→ REQUIRED WORK
Repeat all of the records word for word, but skip any picture.

─── DATA TO PROCESS

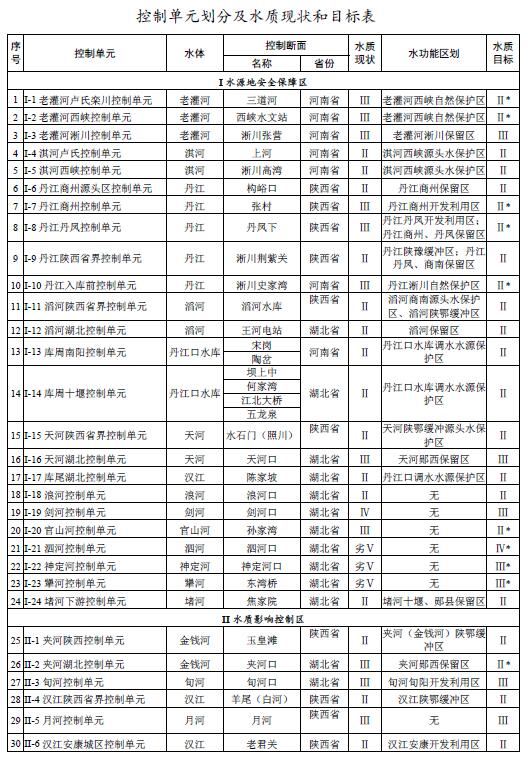 丹江口水庫和中線取水口水質(zhì)穩(wěn)定并保持Ⅱ類,庫區(qū)總氮濃度不劣于現(xiàn)狀水平;到2020年,漢江和丹江干流斷面水質(zhì)為Ⅱ類,其它直接匯入丹江口水庫的主要河流水質(zhì)達到水功能區(qū)水質(zhì)目標。
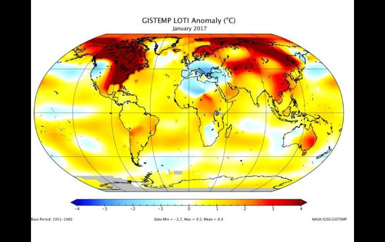 CIUDAD DE MÉXICO (15/FEB/2017).- Enero de 2017 se ubicó como el tercer mes de enero más caluroso en 137 años, desde las primeras mediciones de registros de temperatura modernos, reveló el análisis mensual de la temperatura global realizado por científicos del Instituto Goddard de Estudios Espaciales (GISS) en Nueva York. Si bien la temperatura del mes pasado fue 0.20 grados centígrados más fría que el enero más cálido observado en 2016, estuvo 0.92 grados centígrados más caluroso que la temperatura media de enero, de 1951 a 1980. Además, dos de las tres principales anomalías de la temperatura de enero han sido durante los últimos dos años. Así, 2016 fue el más caluroso registrado, con 1.12 grados centígrados por arriba de la temperatura media de enero, seguido de 2007 con 0.96 grados centígrados más cálido, con lo que enero de 2017 quedó en tercer lugar. El análisis mensual del equipo de GISS se basa en datos disponibles públicamente adquiridos por alrededor de seis mil 300 estaciones meteorológicas de todo el mundo, instrumentos y envíos basados en boyas de medición de la temperatura superficial del mar, y las estaciones de investigación Antártica. El registro de la temperatura global moderno comenzó en 1880, porque las observaciones anteriores no cubrían suficientemente el planeta.
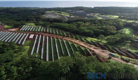 部署在考艾島南部海岸丘陵地帶的太陽能發(fā)電設(shè)施和電池儲能系統(tǒng)
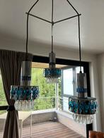 Vintage hanglamp uit de zeventiger jaren. De lamp heeft 3 kelken die uit een chromen kap met blauwe (eerder zeldzaam daar de meeste in oranje zijn) details bestaan, met daaronder een glazen kelk. Het
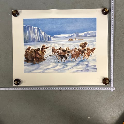 To illustrationer til Elmar Drastrups beretning Et arktisk Eventyr, fra bogen Fra Pol til Ækvator - Eventyrerne fortæller, 1944. Ca A4. Har været foldet på midten. Elmar Drastrup (1909-81) deltog blandt andet i Den Danske Hundeslædeekspedition 1938-39. Samlet pris 500 kr.
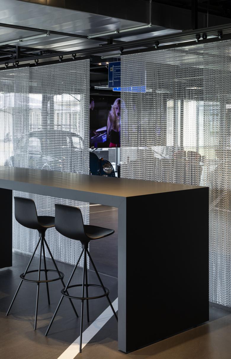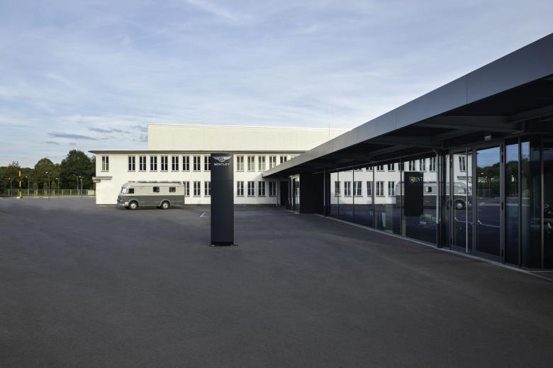 Die stählernen Hangartore wurden sorgsam in den dafür vorgesehenen Parktaschen untergebracht und die dem Flugfeld zugewandten Fassaden als filigrane Gasfassaden mit der selben Teilung der Bestandtore nachgebildet. Damit öffnen die Hangars sich und nehmen in einem Baukörper gläserne Einstellboxen auf in denen ausgewählte Kundenfahrzeuge auf drei Etagen aufbewahrt und ausgestellt werden können.
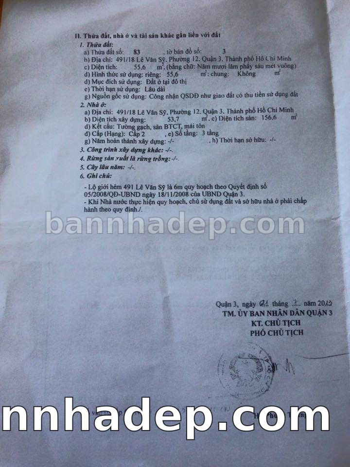 Bán nhà 491/65 Lê Văn Sỹ phường 01 quận 3
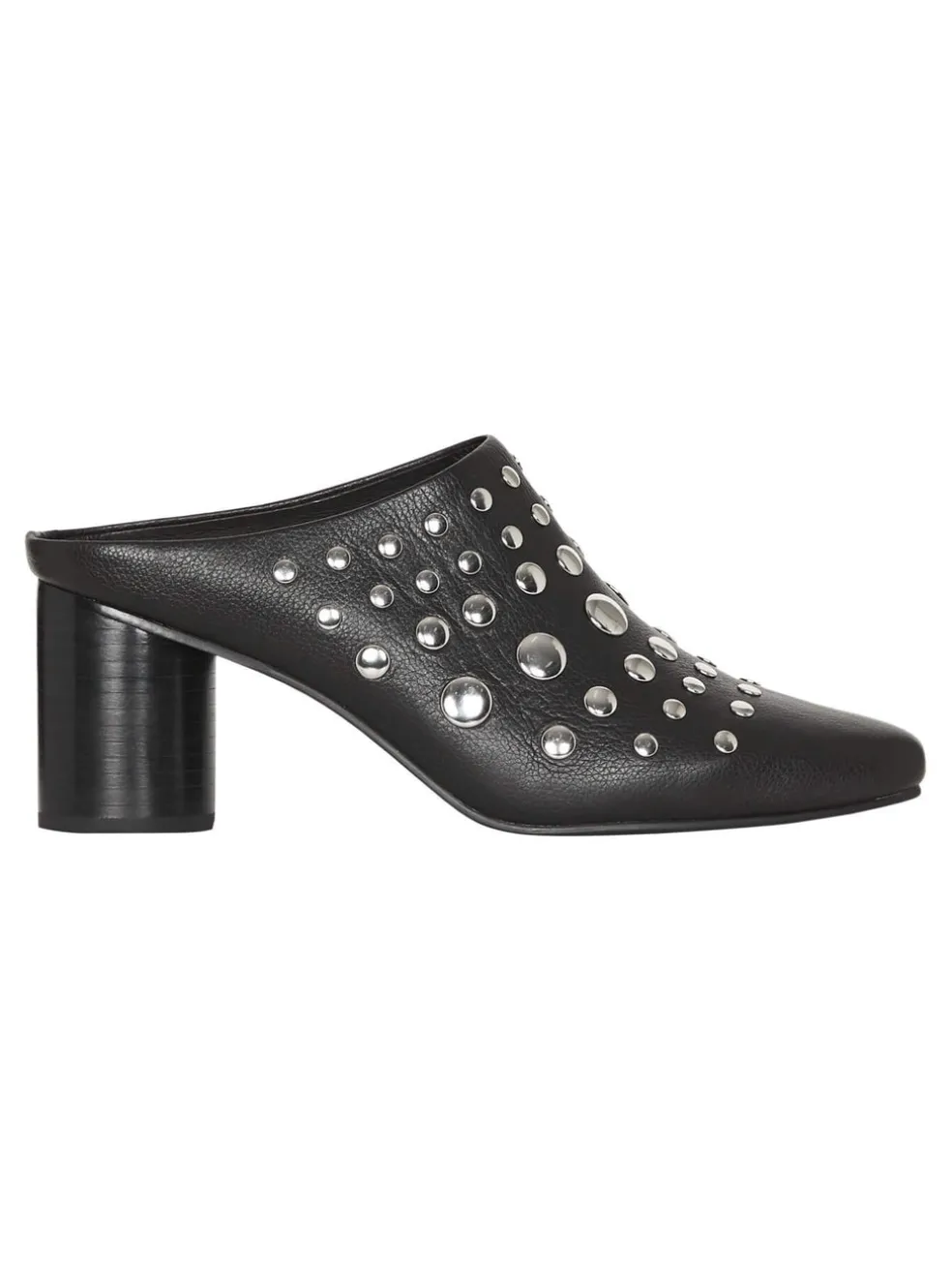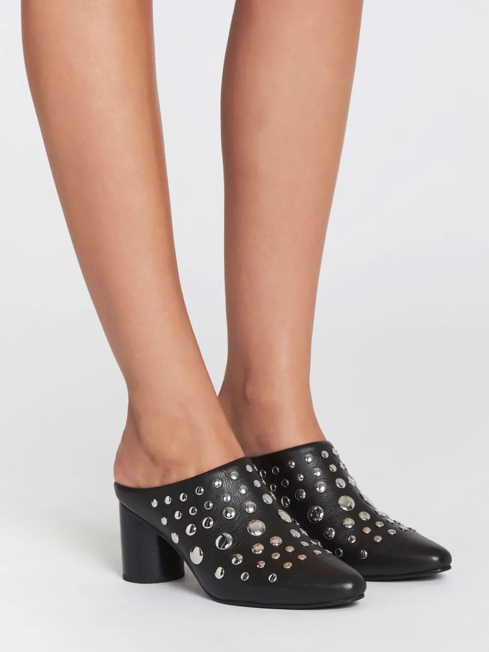 Constructed in a classic black leather the Wednesday Mule by Sol Sana is an easy addition for any wardrobe. Featuring a rounded point toe, open back, round stacked wooden heel and finished with silver stud details these ultra cool shoes can easily transition from day to night.
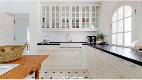 The Plot is 6092 m2 with mature garden. Impressive entrance driveway from street is leading to the villa. Villa at approx. 1.135 m2 with entrance hall leading to a large lounge with high ceilings and a fireplace, dining area and 3 doors out to the partly covered terrace with beautiful sea views and an infinity pool with heating.
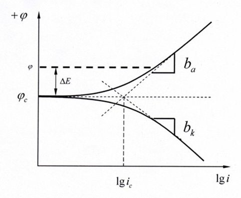 Принцип получения icorr с помощью метода экстраполяции по Тафелю. Программное обеспечение Corrtest CS studio может автоматически выполнять подгонку поляризационной кривой. Что позволит определить коэффициенты Тафеля на анодном и катодном участках, т.е. ba и bc. а также затем получить icorr. Основываясь на законе Фарадея и в сочетании с электрохимическим эквивалентом материала, мы можем определить корость коррозии металла (мм/год).
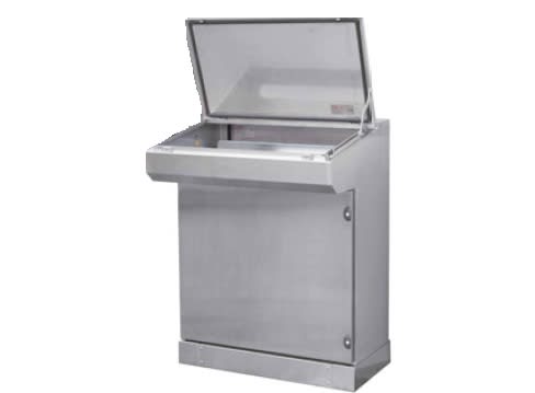 Leggio LZX in acciaio inox. Composto da corpo in acciaio inox AISI304 satinato scotch brite pressopiegato e saldato, porta in acciaio inox AISI 304 satinato scotch brite, piastra interna in lamiera sp. 20/10 sendzimir, guarnizioni, poliuretaniche applicate in colata continua, cerniere reversibili con apertura 110°, serratura con impronta doppia aletta. Grado di protezione IP 55 - TYPE 12.
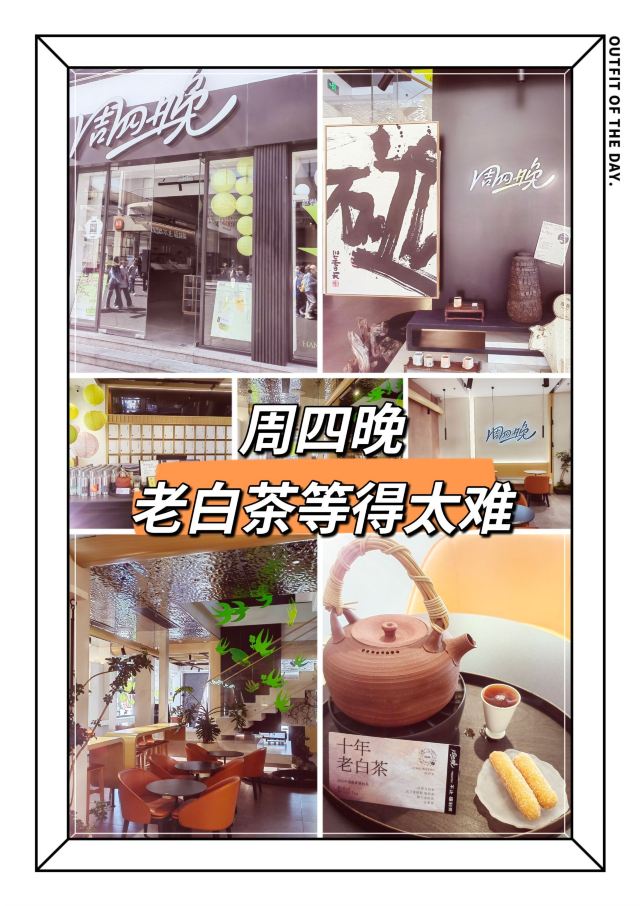 平安夜的蚊子周四晚,地址学士路57号。 🚗交通 地铁一号线龙翔桥B出口 🏖️环境布置 周四晚,西子湖畔的新中式茶馆,并非奶茶店。 两层楼面积,宽敞明亮。原木色格调,时尚大气,也古色古香。灯光柔和,国风雅致。在现代设计里,融入诗情画意。 💁服务态度 服务态度很好,但是|十年老白茶^实在等的太难。十点开业进门,说老白茶要等到十一点。出门转了一圈,十一点多进门,说再等15分钟。其实足足又等了近半小时才喝到。虽然|十年老白茶^秒杀仅仅18元,但付出的时间成本实在太高。 如果实在闲的没事,过来坐坐打发时光,慢慢等也无所谓。可是年轻人毕竟都忙,特别是旅游旺季,一等就耽误了后面的行程。 🍜美食推荐 |十年老白茶^造型独特,茶香浓厚,配有|京果^。但是等太久了,茶刚出炉也很烫,来不及坐太久,喝了一点点,就打包走了。 📌贴心TIPS 营业时间:10:00-22:30 人均消费:36元 周四晚,老白茶等得太难。
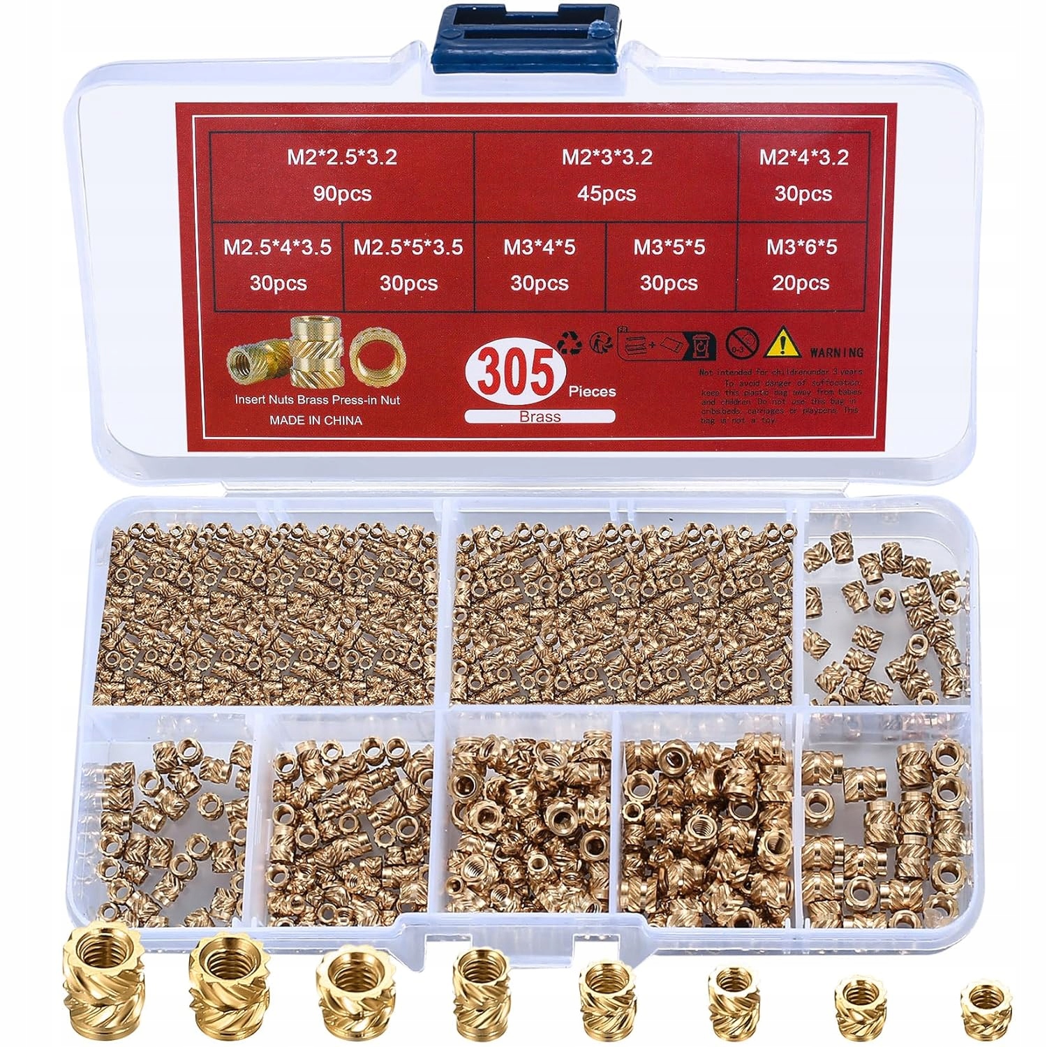 Набір містить 305 штук різьбових вставок розмірів M2, M2,5 і M3. Велика кількість гарантує, що ви завжди матимете потрібну вставку для вашого проекту без частого поповнення запасів.

──────

→ RESULT
 丹江口水庫和中線取水口水質(zhì)穩(wěn)定并保持Ⅱ類,庫區(qū)總氮濃度不劣于現(xiàn)狀水平;到2020年,漢江和丹江干流斷面水質(zhì)為Ⅱ類,其它直接匯入丹江口水庫的主要河流水質(zhì)達到水功能區(qū)水質(zhì)目標。
 CIUDAD DE MÉXICO (15/FEB/2017).- Enero de 2017 se ubicó como el tercer mes de enero más caluroso en 137 años, desde las primeras mediciones de registros de temperatura modernos, reveló el análisis mensual de la temperatura global realizado por científicos del Instituto Goddard de Estudios Espaciales (GISS) en Nueva York. Si bien la temperatura del mes pasado fue 0.20 grados centígrados más fría que el enero más cálido observado en 2016, estuvo 0.92 grados centígrados más caluroso que la temperatura media de enero, de 1951 a 1980. Además, dos de las tres principales anomalías de la temperatura de enero han sido durante los últimos dos años. Así, 2016 fue el más caluroso registrado, con 1.12 grados centígrados por arriba de la temperatura media de enero, seguido de 2007 con 0.96 grados centígrados más cálido, con lo que enero de 2017 quedó en tercer lugar. El análisis mensual del equipo de GISS se basa en datos disponibles públicamente adquiridos por alrededor de seis mil 300 estaciones meteorológicas de todo el mundo, instrumentos y envíos basados en boyas de medición de la temperatura superficial del mar, y las estaciones de investigación Antártica. El registro de la temperatura global moderno comenzó en 1880, porque las observaciones anteriores no cubrían suficientemente el planeta.
 部署在考艾島南部海岸丘陵地帶的太陽能發(fā)電設(shè)施和電池儲能系統(tǒng)
 Vintage hanglamp uit de zeventiger jaren. De lamp heeft 3 kelken die uit een chromen kap met blauwe (eerder zeldzaam daar de meeste in oranje zijn) details bestaan, met daaronder een glazen kelk. Het
 To illustrationer til Elmar Drastrups beretning Et arktisk Eventyr, fra bogen Fra Pol til Ækvator - Eventyrerne fortæller, 1944. Ca A4. Har været foldet på midten. Elmar Drastrup (1909-81) deltog blandt andet i Den Danske Hundeslædeekspedition 1938-39. Samlet pris 500 kr.
 Die stählernen Hangartore wurden sorgsam in den dafür vorgesehenen Parktaschen untergebracht und die dem Flugfeld zugewandten Fassaden als filigrane Gasfassaden mit der selben Teilung der Bestandtore nachgebildet. Damit öffnen die Hangars sich und nehmen in einem Baukörper gläserne Einstellboxen auf in denen ausgewählte Kundenfahrzeuge auf drei Etagen aufbewahrt und ausgestellt werden können.
 Bán nhà 491/65 Lê Văn Sỹ phường 01 quận 3
 Constructed in a classic black leather the Wednesday Mule by Sol Sana is an easy addition for any wardrobe. Featuring a rounded point toe, open back, round stacked wooden heel and finished with silver stud details these ultra cool shoes can easily transition from day to night.
 The Plot is 6092 m2 with mature garden. Impressive entrance driveway from street is leading to the villa. Villa at approx. 1.135 m2 with entrance hall leading to a large lounge with high ceilings and a fireplace, dining area and 3 doors out to the partly covered terrace with beautiful sea views and an infinity pool with heating.
 Принцип получения icorr с помощью метода экстраполяции по Тафелю. Программное обеспечение Corrtest CS studio может автоматически выполнять подгонку поляризационной кривой. Что позволит определить коэффициенты Тафеля на анодном и катодном участках, т.е. ba и bc. а также затем получить icorr. Основываясь на законе Фарадея и в сочетании с электрохимическим эквивалентом материала, мы можем определить корость коррозии металла (мм/год).
 Leggio LZX in acciaio inox. Composto da corpo in acciaio inox AISI304 satinato scotch brite pressopiegato e saldato, porta in acciaio inox AISI 304 satinato scotch brite, piastra interna in lamiera sp. 20/10 sendzimir, guarnizioni, poliuretaniche applicate in colata continua, cerniere reversibili con apertura 110°, serratura con impronta doppia aletta. Grado di protezione IP 55 - TYPE 12.
 平安夜的蚊子周四晚,地址学士路57号。 🚗交通 地铁一号线龙翔桥B出口 🏖️环境布置 周四晚,西子湖畔的新中式茶馆,并非奶茶店。 两层楼面积,宽敞明亮。原木色格调,时尚大气,也古色古香。灯光柔和,国风雅致。在现代设计里,融入诗情画意。 💁服务态度 服务态度很好,但是|十年老白茶^实在等的太难。十点开业进门,说老白茶要等到十一点。出门转了一圈,十一点多进门,说再等15分钟。其实足足又等了近半小时才喝到。虽然|十年老白茶^秒杀仅仅18元,但付出的时间成本实在太高。 如果实在闲的没事,过来坐坐打发时光,慢慢等也无所谓。可是年轻人毕竟都忙,特别是旅游旺季,一等就耽误了后面的行程。 🍜美食推荐 |十年老白茶^造型独特,茶香浓厚,配有|京果^。但是等太久了,茶刚出炉也很烫,来不及坐太久,喝了一点点,就打包走了。 📌贴心TIPS 营业时间:10:00-22:30 人均消费:36元 周四晚,老白茶等得太难。
 Набір містить 305 штук різьбових вставок розмірів M2, M2,5 і M3. Велика кількість гарантує, що ви завжди матимете потрібну вставку для вашого проекту без частого поповнення запасів.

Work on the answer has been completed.